In 1981 an accident in a dune buggy in Florida that caused severe head trauma left him fighting for his life. As his mother and sister sped to the hospital, Dillon underwent brain surgery.
After seven hours of surgery, and a weeklong coma, Dillon awoke to find he would have to learn how to read, write and talk again. Four months of intensive therapy followed and he moved back to Tennessee.

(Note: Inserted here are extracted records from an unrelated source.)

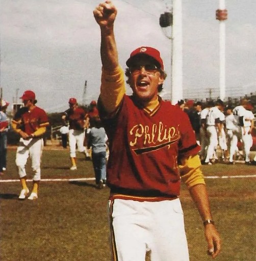 Dr. Record celebrated after Philips won the Area Tournament in 1973 to earn a spot in the NAIA World Series. It was Phillips’s first trip, followed with a second trip to the World Series two years later in 1975. (Photo provided by Record family)
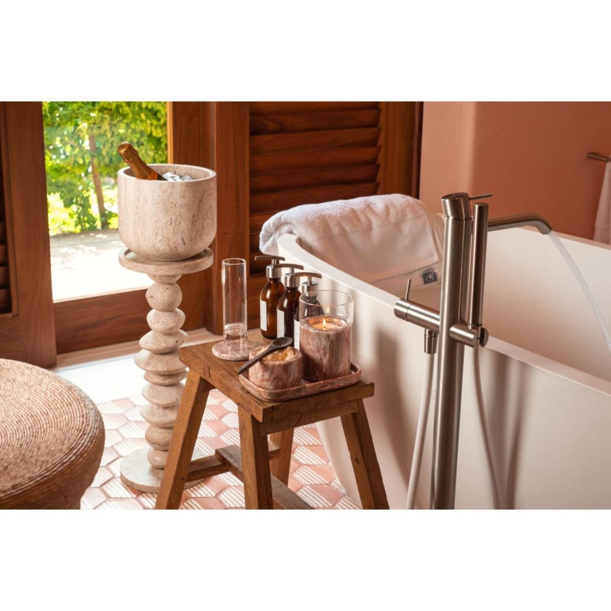 This set features three hand-carved marble candle holders, top with a clear borosilicate glass shade. This type of glass resists direct flame and thermal shock, which makes it perfect for a garden, a terrace or any interior. It includes the wax of the three candles that fit with the perfect size. Designed to conventional measurements And replacements can be obtained anywhere and at a low cost. Sanctuary candles gracefully decorate all spaces. They are ideal to complete the decoration of the house. Currently available in different colors.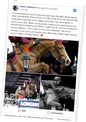 Shane Sweetnam´s Main Road (SWB born 2008 by Heartbeat out of Main Mirco (1) 25232 by Irco Marco-Crown Point xx, breeder Marina Björkman Team AMY HB) has unexpectedly passed away in his stall at a competiton show in Wellington. Sweetnam writes; "He was the little horse with a big heart and a bigger personality. He was a fighter, a winner and a star".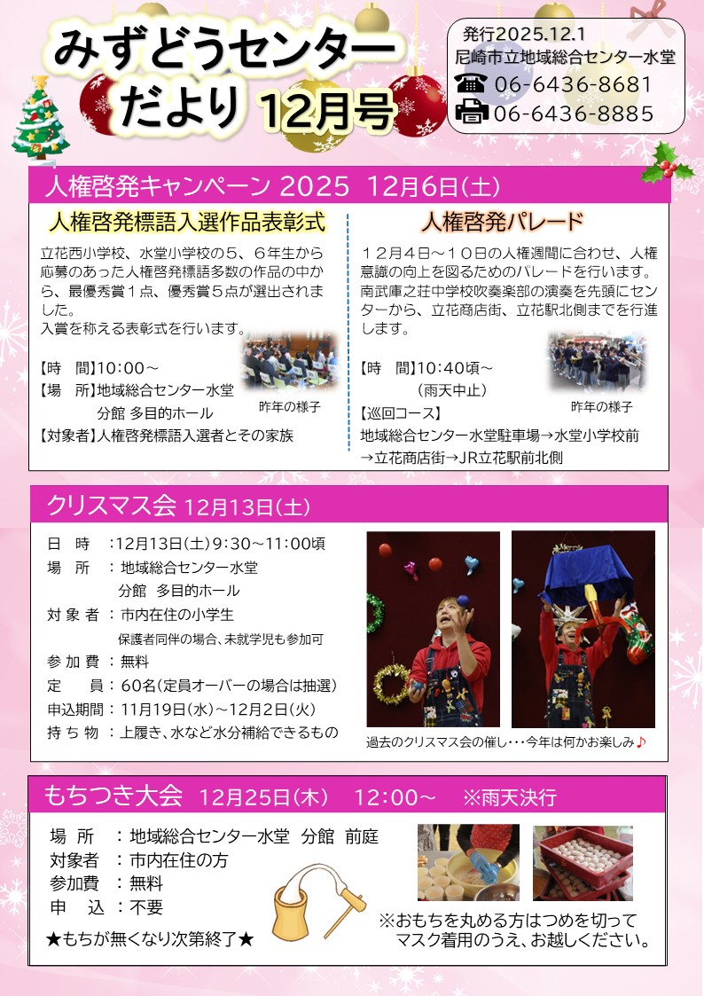 みずどうセンターだより12月号掲載しました 2025.11.28 センターでは、12月号の催しとして、 ・12月6日(土)人権啓発キャンペーン ・12月13日(土)クリスマス会 ・12月25日(木)もちつき大会 詳しくは、センターだより12月号をご覧ください。 【画像をクリックしてPDF版をご覧ください】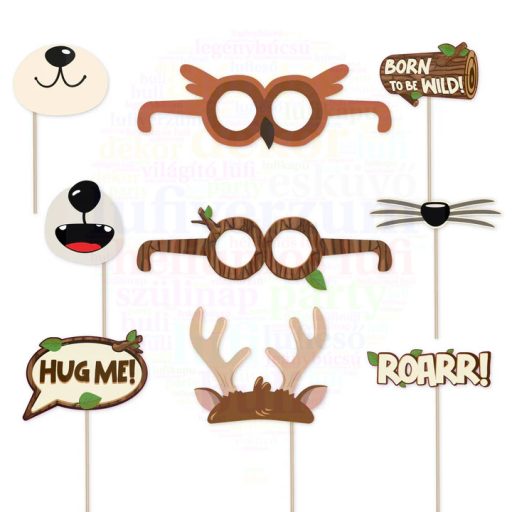 A készlet tartalma: 9 db kellék (3 felirat, 3 db állatorr, 2 db pohár, szarv), 9 db fapálcika és 20 db ragasztópötty és 3 db ragasztószalag a kellékek rögzítéséhez.

Five years later Dillon turned the accident into a godsend for others. He returned to then-Memphis State University to earn a mechanical engineering degree. While in school, he used his experience as a brain injury patient and the knowledge he was obtaining at the U of M to help develop the Miracle Walker, a patented user-propelled walking apparatus that assists children with disabilities to move about under their own power. The Magic Walker helps children with cerebral palsy by increasing muscle strength and by producing greater lung capacity.
"When we presented the finished device, it was especially exciting for me to show the results of my work, because the presentation took place exactly 13 years to the day after my brain surgery," Dillon explains.
Since 1999 Dillon has worked as a mechanical engineer for AJT & Associates Inc. in Cape Canaveral, Fla. The company provides support to Cape Canaveral Air Force Station and the Kennedy Space Center for design and modification of spaceship launch complexes, Shuttle and spacecraft processing and solid rocket motor booster facilities.
Dillon, who credits U of M Professor John Hochstein for taking him under his wing as a student, says, "An inventor should never think with a narrow window. Always think past the limit, do not stop thinking that the concept/design is completed and cannot be improved. I believe I was blessed to stay alive from my automobile accident in 1981 and that God has more work for me to do."
Making "Gaines" in the NFL?
Marcus Gaines isn't your typical patented Memphis resident. Graduating from the U of M in 1997 with a bachelor's in marketing, Gaines headed south to work as a blackjack dealer at a Tunica, Miss., casino.
But that hasn't stopped him from dreaming big — even if his biggest idea to date came in couch-potato mode.
Gaines was watching a football game on TV one day and took note of how much energy the referees were expending running the first-down markers up and down the field. At the time, he also happened to be playing with his laser light key chain.
"I thought, ‘What if they had a laser light that showed where the first down was?' They wouldn't have to hold up the game any more."
This wasn't his first idea for an invention, but this one he would pursue.
"I got tired seeing ideas I had thought of come out a little while later from someone else," he says.
He received his patent from the U.S. Patent Office in 2004 and is in the process of working through a marketing company to sell the invention to the NFL.
"It is an idea that makes sense from many different standpoints," Gaines says. "Not only would it speed up games, the laser would provide a more accurate measurement of first downs. Those are definitely two things the NFL needs."